*** Opening of Data shown ***

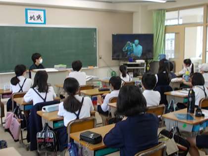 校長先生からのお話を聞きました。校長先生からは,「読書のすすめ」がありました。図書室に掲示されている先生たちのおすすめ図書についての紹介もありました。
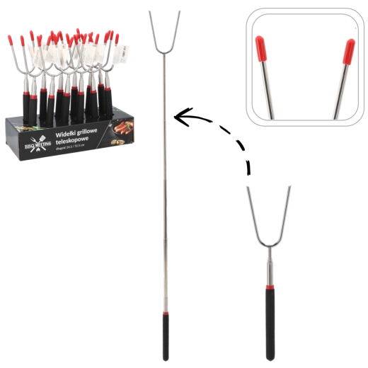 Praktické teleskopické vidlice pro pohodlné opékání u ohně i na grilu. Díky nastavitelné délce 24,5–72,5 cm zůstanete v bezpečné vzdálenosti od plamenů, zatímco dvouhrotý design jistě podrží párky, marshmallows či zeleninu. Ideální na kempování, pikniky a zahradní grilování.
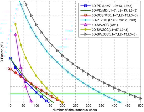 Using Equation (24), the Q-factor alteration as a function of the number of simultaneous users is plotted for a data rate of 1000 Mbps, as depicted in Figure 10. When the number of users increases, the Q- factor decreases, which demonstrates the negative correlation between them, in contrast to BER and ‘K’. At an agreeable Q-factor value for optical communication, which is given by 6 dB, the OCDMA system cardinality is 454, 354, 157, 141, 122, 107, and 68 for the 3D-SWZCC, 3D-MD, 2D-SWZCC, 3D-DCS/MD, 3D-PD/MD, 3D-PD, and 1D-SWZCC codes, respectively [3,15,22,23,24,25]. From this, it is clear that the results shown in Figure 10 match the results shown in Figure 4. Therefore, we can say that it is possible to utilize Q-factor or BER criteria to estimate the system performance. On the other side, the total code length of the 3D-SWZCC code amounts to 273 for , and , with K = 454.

*** Close of Data shown ***
*** Opening of Data shown ***

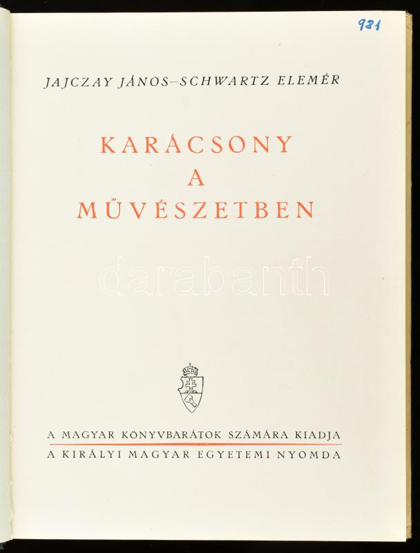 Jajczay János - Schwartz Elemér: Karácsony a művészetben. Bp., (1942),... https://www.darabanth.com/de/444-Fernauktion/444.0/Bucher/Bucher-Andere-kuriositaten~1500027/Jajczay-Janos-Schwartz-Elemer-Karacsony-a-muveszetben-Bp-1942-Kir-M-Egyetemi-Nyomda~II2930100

*** Close of Data shown ***
*** Opening of Data shown ***

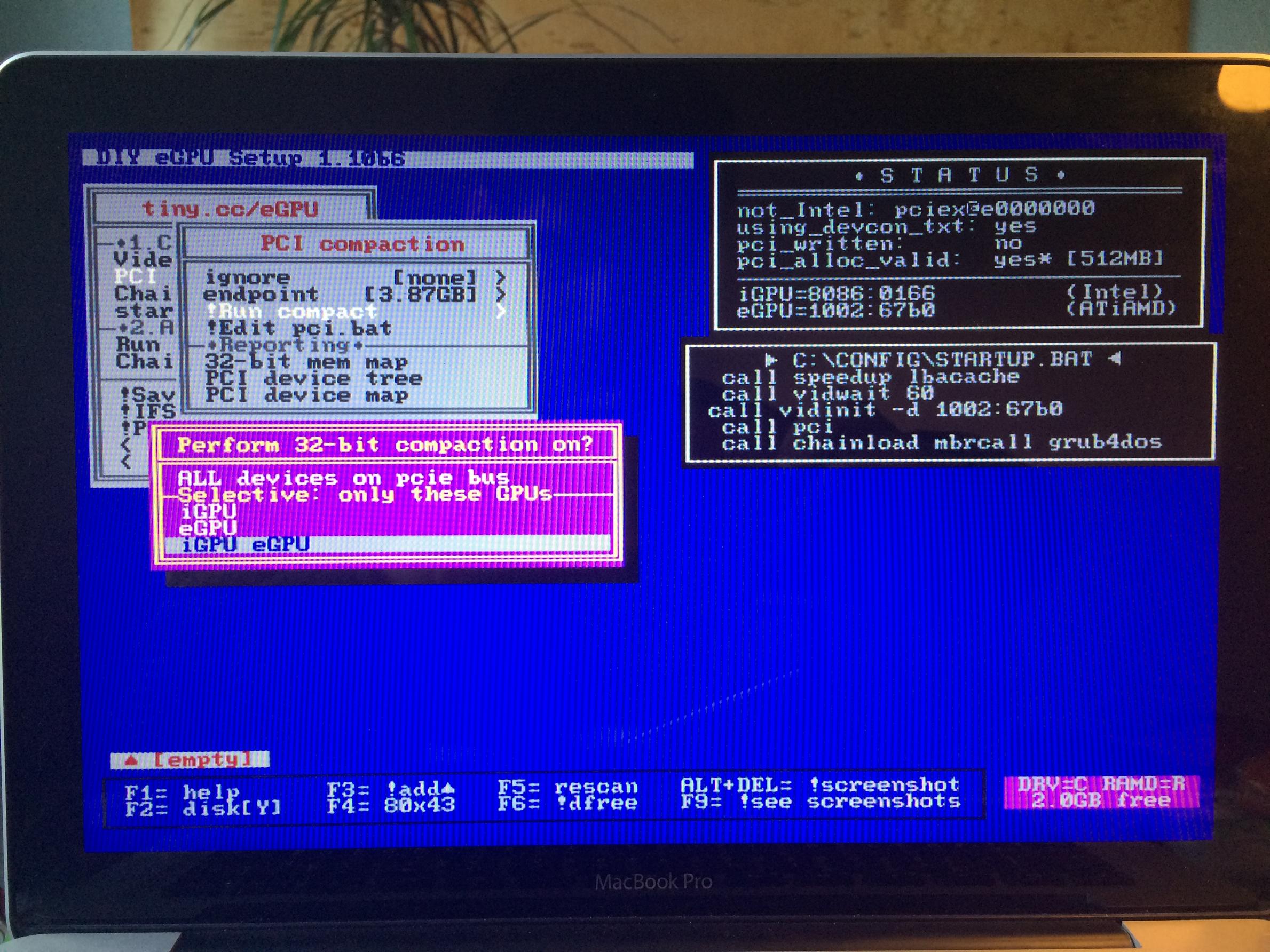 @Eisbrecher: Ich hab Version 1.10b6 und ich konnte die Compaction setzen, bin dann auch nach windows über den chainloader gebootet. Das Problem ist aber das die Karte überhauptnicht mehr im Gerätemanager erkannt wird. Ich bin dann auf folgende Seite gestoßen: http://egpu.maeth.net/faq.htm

*** Close of Data shown ***

Task instructions: What is needed is an exact copy of only the lines above from the one with "Praktické teleskopické vidlice" to the one with "Using Equation (24), the", both kept, with every picture left out.

Reply to the task:
 Praktické teleskopické vidlice pro pohodlné opékání u ohně i na grilu. Díky nastavitelné délce 24,5–72,5 cm zůstanete v bezpečné vzdálenosti od plamenů, zatímco dvouhrotý design jistě podrží párky, marshmallows či zeleninu. Ideální na kempování, pikniky a zahradní grilování.
 Using Equation (24), the Q-factor alteration as a function of the number of simultaneous users is plotted for a data rate of 1000 Mbps, as depicted in Figure 10. When the number of users increases, the Q- factor decreases, which demonstrates the negative correlation between them, in contrast to BER and ‘K’. At an agreeable Q-factor value for optical communication, which is given by 6 dB, the OCDMA system cardinality is 454, 354, 157, 141, 122, 107, and 68 for the 3D-SWZCC, 3D-MD, 2D-SWZCC, 3D-DCS/MD, 3D-PD/MD, 3D-PD, and 1D-SWZCC codes, respectively [3,15,22,23,24,25]. From this, it is clear that the results shown in Figure 10 match the results shown in Figure 4. Therefore, we can say that it is possible to utilize Q-factor or BER criteria to estimate the system performance. On the other side, the total code length of the 3D-SWZCC code amounts to 273 for , and , with K = 454.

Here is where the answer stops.